Если Надя, в сущности, живет в соответствии с общеприня­тыми нормами морали и ее фраза: «Мы не будем жить по-вашему никогда» — звучит в конце пьесы, то для Лиды и Кирилла принципы нормативной морали просто не существуют, они поступают только в соответствии с собственными нравст­венными убеждениями. Когда Лида узнает, что Кирилл любит другую, в ней восстает элементарное женское достоинство, и она поступает решительно и категорично. И делает это не под давлением внешних причин, а по внутреннему побуждению. Причем интересно именно то, что Лида в конце концов прини­мает решение, соответствующее тем моральным нормам, кото­рые утверждает дядя. Здесь нормативные моральные катего­рии получают необычайно тонкое человеческое обоснование из­нутри. То есть плоха не мораль сама по себе, плохо то, что ее навязывают,— тогда в молодом человеке возникает чувство противодействия.

В таком построении конфликта есть правда жизненная, а не традиционно-театральная. Это тоже пример хода, не заданного априори, а рождающегося из свойств и качеств данных харак-

 

 

теров: чем сильнее Лида и Кирилл любят друг Друга, тем острее их столкновение.

Володин уловил главное: в нашем обществе, диалектически развивающемся, моральные, нравственные и этические нормы не могут не обновляться самим ходом жизни, и надо уметь идти в ногу с жизнью. Как только нормы, которые отжили, на­чинают искусственным путем, насильственно внедряться, у со­временного молодого человека это вызывает чувство внутрен­него сопротивления. Володин очень точно уловил и столкнул в своем произведении эту борьбу старого и нового в плане эти­ческом, нравственном, борьбу двух жизненных позиций. Именно это и вызывает разность отношения к его героям в зрительном зале. С точки зрения ревнителей старого этика Ухова естест­венна и нормальна, а позиция сестер — моральное уродство.
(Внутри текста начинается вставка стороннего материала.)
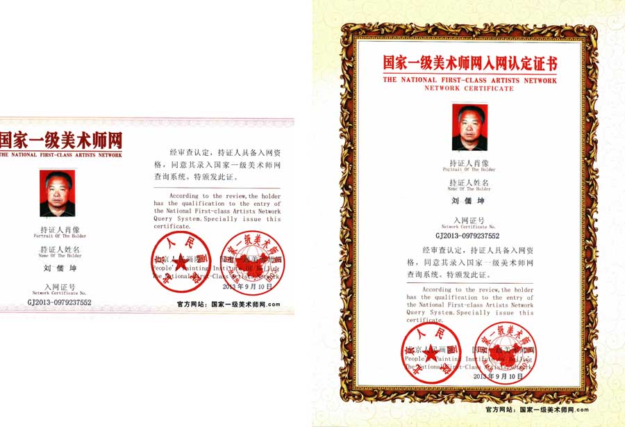 2001年经国际美术家联合会通过两项认证:ISQ9000A资质认证和ISC2000价值评定;中国艺术国际交流中心和世界华人文化研究中心专家组评定为特级书画师。一九九九年九年中国文学艺术界联合会命名“海峡两岸德艺双馨艺术家”称号。

Причем Володин, отрицая уховскую философию жизни, ни в коей мере не стремится человечески дискредитировать самого Ухова. Он рисует его добрейшим человеком, который субъек­тивно хочет добра Наде и всячески ей помогает, и ни у Нади, ни, у нас нет оснований сомневаться в его искренности.

Разъясняя как-то, что он имел в виду под психологией дяди, Володин рассказал о таком случае: он ехал в Сибирь и встре­тил молодую супружескую пару. Им по двадцать четыре года, они инженеры, хорошо работают, у них семья, квартира и т. п. И оба они хотят начать жить с начала — поменять профессии, бросить дело, которым занимаются. Они спросили у Володина совета — как им поступить. И он стал их отговаривать, сове­товал не торопиться, то есть поступил так, как поступил бы в данной ситуации Ухов. В чем здесь сложность? Ведь если эти люди окажутся в новой профессии более талантливыми, чем в прежней, все, что говорил им драматург, — уховщина в чистом виде. А если они проиграют, Ухов окажется прав.

В этом глубина и жизненная объемность володинскои пьесы. У человека, имеющего призвание и талант, не может, не должно быть ограничительных знаков, мешающих нормально развиваться его способностям, хотя это может показаться, с точки зрения элементарного здравого смысла, нелепым, нело­гичным, бессмысленным.

Володин не путает карт и не делает кроссворда, он просто идет за логикой жизни данного человека. Тот же Ухов, по су­ществу, объективно хороший человек, и драматург не разделяет его качеств искусственно на хорошие и плохие. В нем просто есть загадка, которая существует и каждом человеке. Это и создает жизненную объемность. В этом заключается отличие пьес Володина от многих драматургических произведений, где воинствующий здравый смысл мещанства вступает в бой со всем новым, свежим, но, к сожалению, мы с самого начала совершенно точно разделяем действующих лиц на два лагеря и заранее понимаем, кого нам надлежит любить, кого ненавидеть.

 

 

Конфликт володинских пьес — это конфликт разных миро­воззрений, разных нравственных принципов, и оттого, что он кажется таким личным, он не становится менее общественно значимым. Поэтому именно сейчас, когда мы говорим о важ­ности проблемы нравственного усовершенствования человека, эти пьесы должны быть приняты нами на вооружение: они ре­шают эту проблему тонкими и глубокими средствами искус­ства.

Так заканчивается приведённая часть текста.